Excerpt from newly published book about Kresge and Detroit explores the importance of supporting artists and cultural institutions in elevating the vibrant arts and culture scene

Each Monday for the next three weeks, Kresge will continue to feature excerpts from Embracing a City: The Kresge Foundation in Detroit 1993-2023 (Momentum Books). This behind-the-scenes look into 30 years of the unlikely partnerships, unique collaborations, varied financial tools and bold bets of The Kresge Foundation — originally the work of veteran journalists Tony Proscio and Myron Farber — was first released in 2018, covering 1993 to 2017. An updated edition includes a new chapter from Proscio plus revisions and additions throughout by longtime Detroit-based journalist John Gallagher to bring the narrative up to date.

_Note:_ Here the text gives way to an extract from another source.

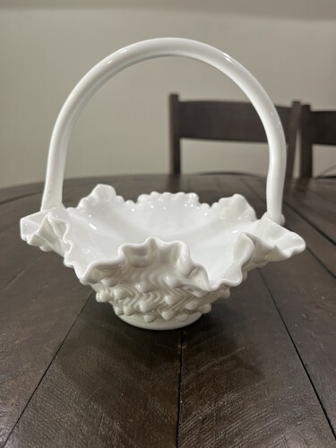 - Fenton Milk Glass Wave Hobnail Basket Large Vintage Double Ruffled Edge 8”

Arts and Culture: The City as Canvas, the fifth chapter, delves into the impact of such well-known initiatives as the Kresge Artist Fellows, Kresge Eminent Artists and Gilda awards, as well as Detroit Arts Support for arts and culture organizations, and work to elevate and enhance arts and culture in the city’s neighborhoods. The chapter opens nearly a decade ago with the city’s growing cachet in hip circles around the globe.

The Kresge Foundation’s investments in individual artist support are delivering abundant, clear, and positive impacts on Fellowship award recipients, the Detroit arts ecosystem, and civic leaders and infrastructure. Evidence shows that Kresge’s work has improved artists’ lives, accelerated their career trajectories, opened new possibilities in their art-making practice and boosted their confidence as creators.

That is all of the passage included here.